The problem: Return exactly, please, the line that contains "学校現場と大学の学びをつなげ" and every line after it through the end of the material that follows, leaving pictures aside.

──────

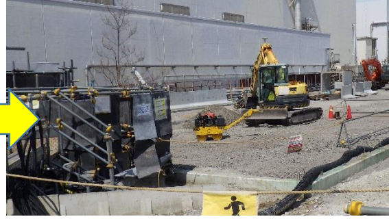
(写真1-2) 逆洗弁ピット覆工の状況② (南東側から撮影) (前回撮影) (今回撮影)
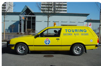
Opel Rekord – Int. 891
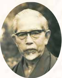
山田 真山(1885~1977) 終戦直後から宜野湾市普天間に居を構え、晩年の約20年、平和祈念像原型の制作に打ち込んだ。

1972(昭和47)年5月15日、沖縄は27年間のアメリカの統治から解放され、本土復帰(日本復帰)を果たしました。今年はその50年節目であり、様々な記念グッズが展開されています。こうした記念グッズは節目毎に登場し、1972年の復帰当時からあります。その一つが、山田真山氏デザインの「沖縄日本復帰記念メダル」です。 このメダルは、琉球政府公認第1号として発行され、その売り上げは、当時普天間のアトリエで制作中だった、沖縄平和祈念像(当時の名称は「沖縄平和慰霊像」)原型の制作資金に充てられました。 このメダル、表面には平和祈念像、裏面には天女が描かれており、実は宜野湾に馴染みの深いデザインとなっています。
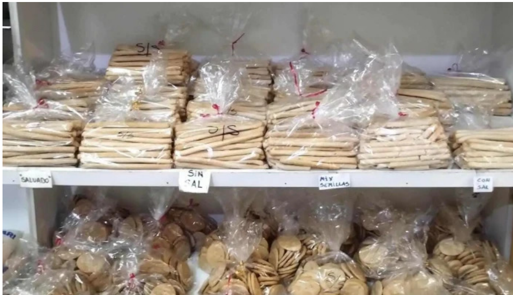
La nueva facultad del propietario
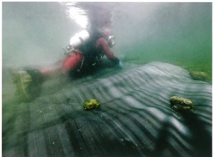
Abb. 4: Sutz-Lattrigen, Rütte. Über der Erosionskante werden als Schutzmassnahme Geotextile ausgebracht, die dann mit einer Kiesschüttung beschwert werden.

Selim Sayah, Stephan Mai, Jean-Louis Boillat and Anton Schleiss, Field measurements and numerical modeling of windwaves in lake Biel: a basic tool for shore protection projects. In: Proceedings of the XXXI International Congress of the Association for Hydro-Environment Engineering and Research (IAHR,) 11–16 september 2005, Seoul, vol. Theme E, 4332–4343.
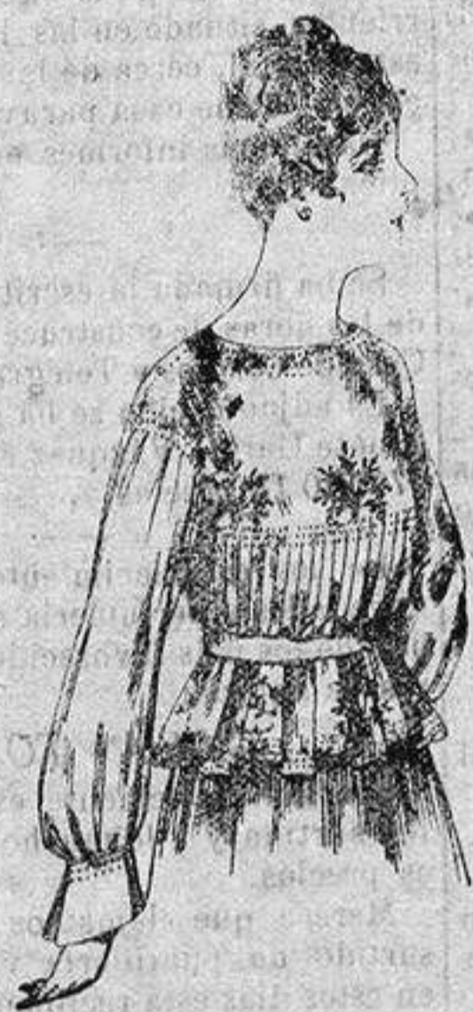
Blusa de crespón o seda, en negro, azul y color. de ptas. 33 a 35

Ropas confeccionadas para Caballero Señora, Niño y Niña
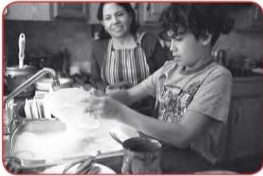
I do the dishes.

see my friends have dinner walk the dog do my homework tidy my room do the dishes
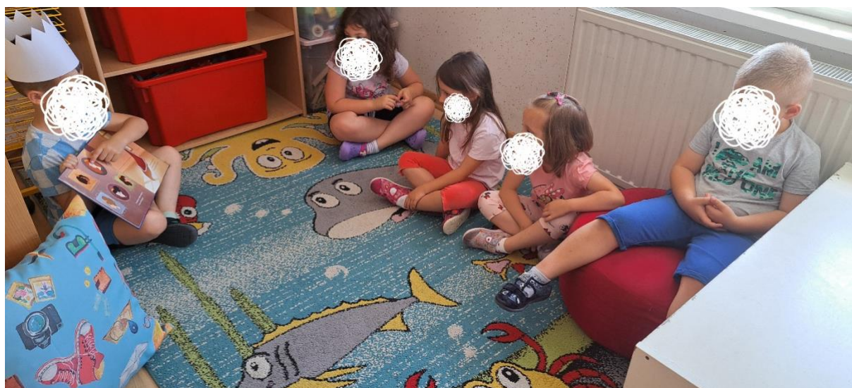
Opis slike 2.: Dječak D.T. čita prijateljima slikovnicu pokazujući ilustracije uz korištenje poticajnog izvora – krune.
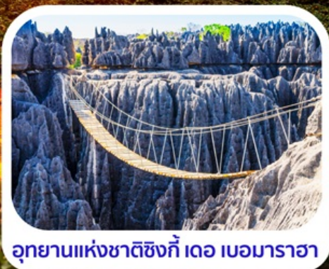
อุทยานแห่งชาติซิงกี เดอ เบอมารอา
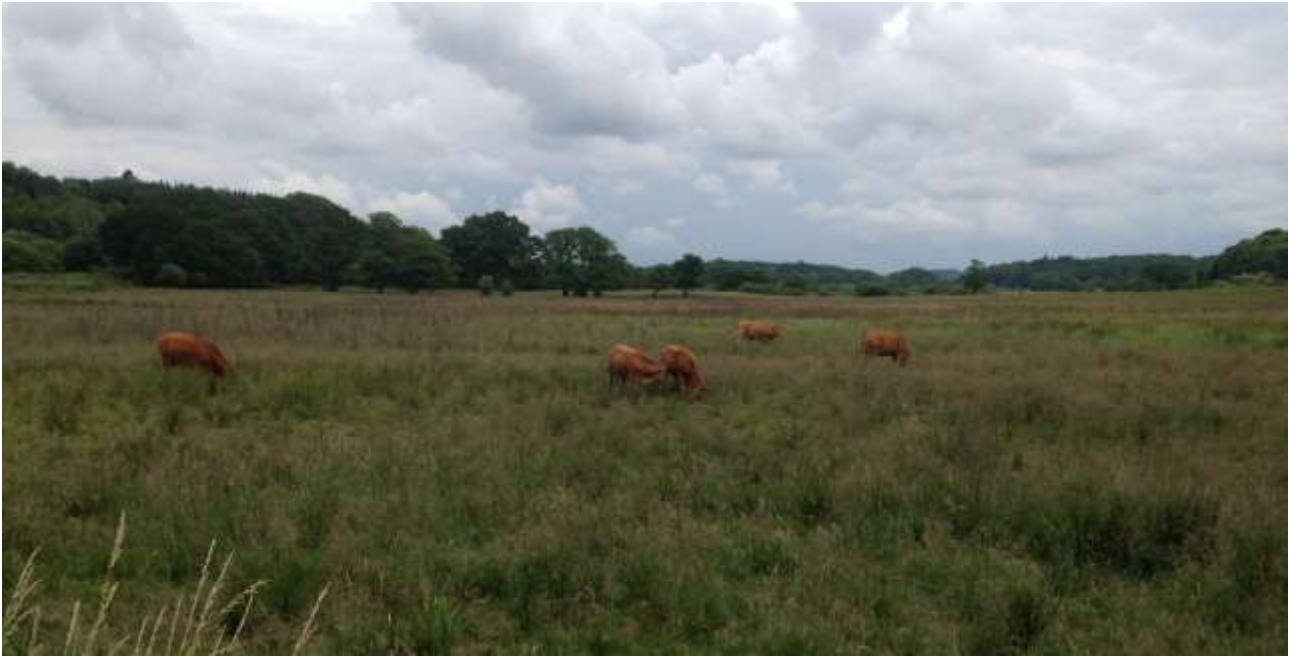
Mange steder i ådalen går der dyr og græsser og sørger for naturplejen. Her græssende køer langs Bindeballestien.
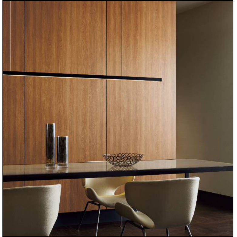
木肌の凹凸を緻密に表現した 「REAL WOOD EXTRA」 RW-4004（オーク）の施工例（左右とも）
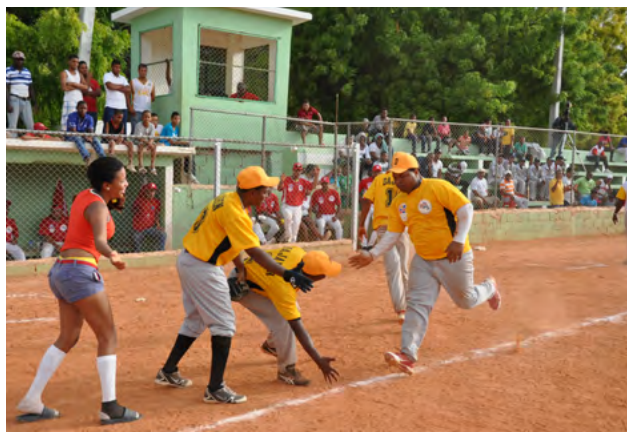
Los atletas viven eufóricamente todas y cada uno de los momentos de sus respectivas competencias. Aquí jugadores de Dajabón celebran un jonrón que conectó uno de los jugadores en el torneo de softbol en la modalidad chata.
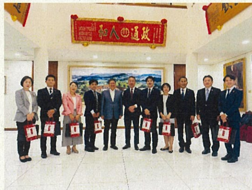
新竹県 新竹県政府 知事と会談・意見交換会 11月23日
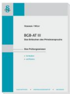
BGB AT III - Das Erlöschen des Primäranspruchs Ladenpreis: 23,60EUR
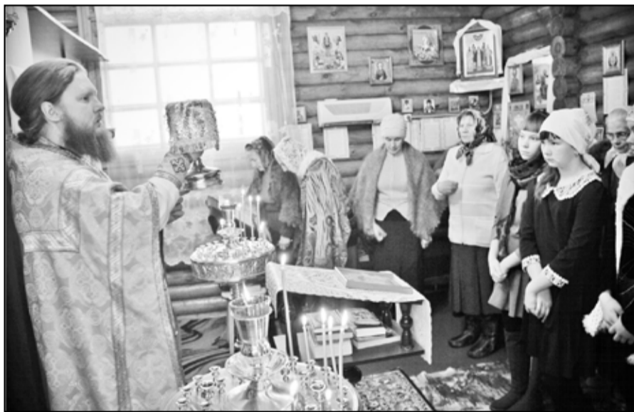
«Примите, ядите: сие есть Тело Мое, еже за вы ломимое во оставление грехов!»
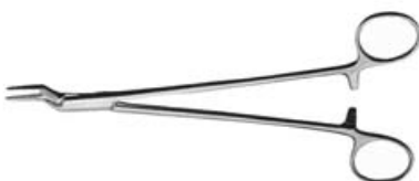
メーヨー・ヘガール型持針器 深部用
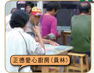
正德愛心廚房(員林)
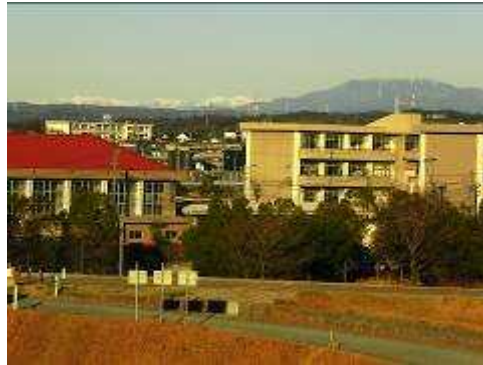
中央アルプス 恵那山
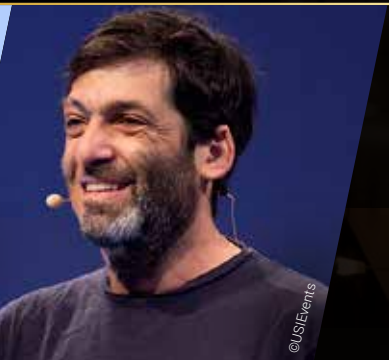
DAN ARIELY MOTIVATION
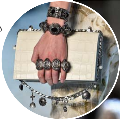
Stórir hringar og breið armbönd.

Sumum fannst sýningin svo mögnuð að þeir töluðu um dýrgrip, að Sarah hefði leitað aftur til Viktoriutímabilsins eftir innblæstri og náð þannig að tengja söguna við nýjustu tísku. Einnig má segja að fatnaðurinn og útlit fyrirsætanna hafi verið í gotneskum stíl.
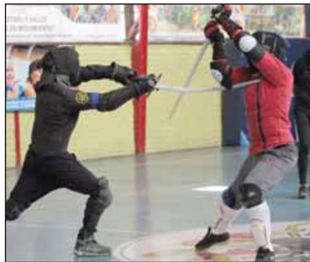
ASÍ SE VIVIÓ.- Exponentes de varias partes de nuestro país se dieron cita en San Felipe, para desarrollar el 7º Congreso de Armas Occidentales de Hema Chile.

«Además, Sema hará una exhibición de sable militar chileno en la conmemoración del Cruce de Los Andes por parte del Ejército Libertador. Dicha activi-
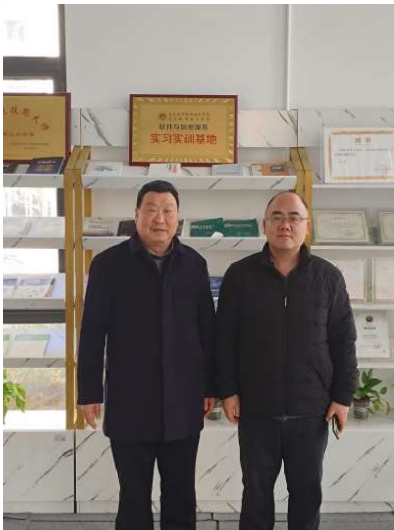
图 76 点军青葵科技有限公司成为软件与信息服务专业校外实训基地
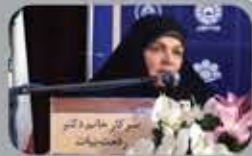
سرکار خانم دکتر زینب : نماینده محترم حوزه انتخابیه زنجان و ظرم در هفتمین دوره مجلس شورای اسلامی
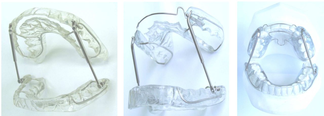
La boucle de Coffin permet une légère expansion

Classe III : 3 options de la gouttière supérieure
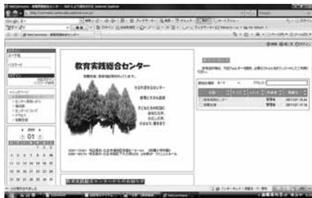
(試作中のホームページ)

学校現場と大学の学びをつなげるツールとして、あるいは教育実践総合センターが行う事業の効率化を図るツールとして、ホームページの活用研究を始めています。学校フィールド・スタディ、現職教員との交流、教職を目指す学生との学習相談、センター紀要論文の公開等、どんな活用が可能なのかを今後研究していきます。
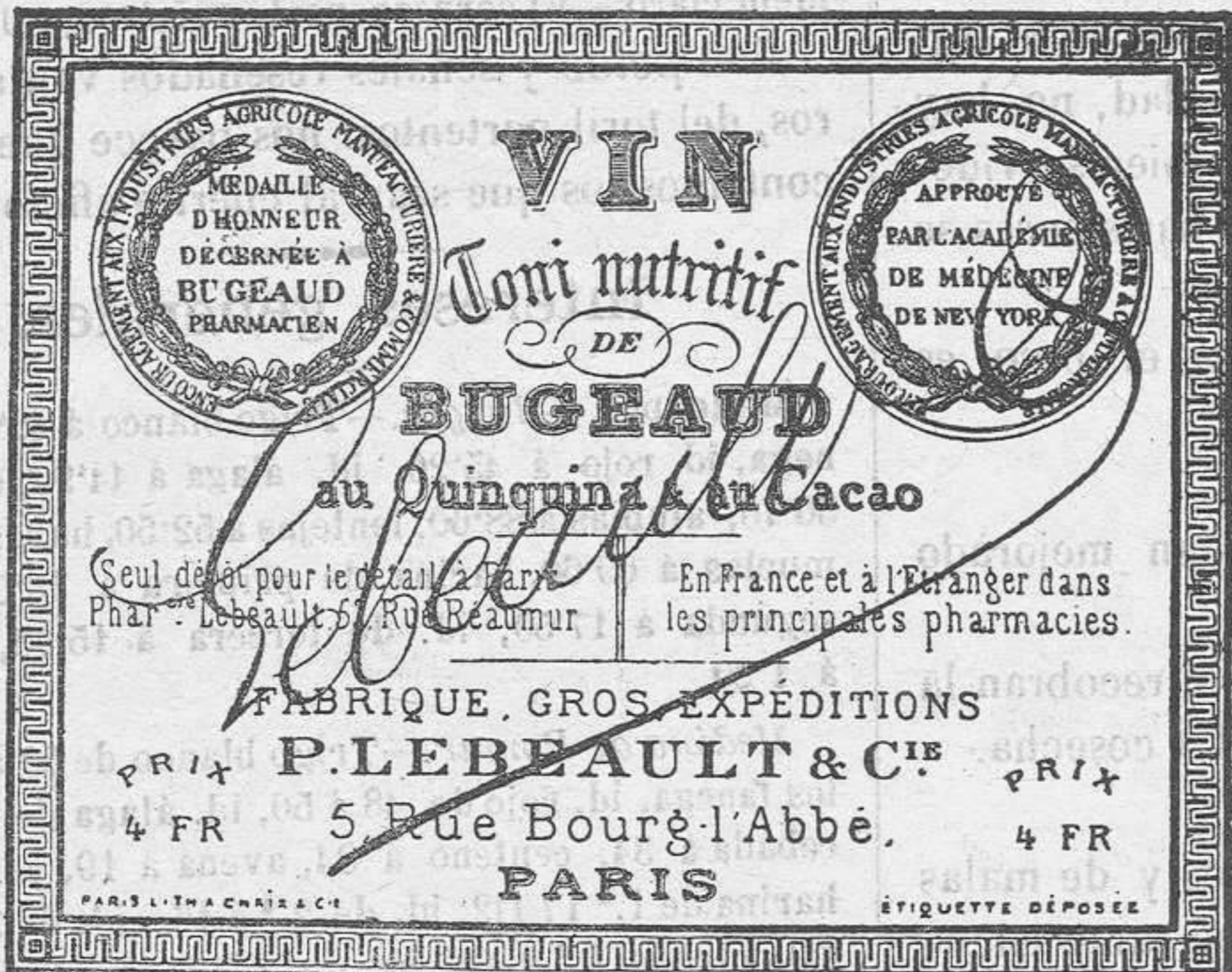
REPRODUCCIÓN DEL RÓTULO DEL VERDADERO VINO de BUGEAUD (impresión negra en fondo gamuza, firma encarnada).

──────

Response to the exercise:
学校現場と大学の学びをつなげるツールとして、あるいは教育実践総合センターが行う事業の効率化を図るツールとして、ホームページの活用研究を始めています。学校フィールド・スタディ、現職教員との交流、教職を目指す学生との学習相談、センター紀要論文の公開等、どんな活用が可能なのかを今後研究していきます。
REPRODUCCIÓN DEL RÓTULO DEL VERDADERO VINO de BUGEAUD (impresión negra en fondo gamuza, firma encarnada).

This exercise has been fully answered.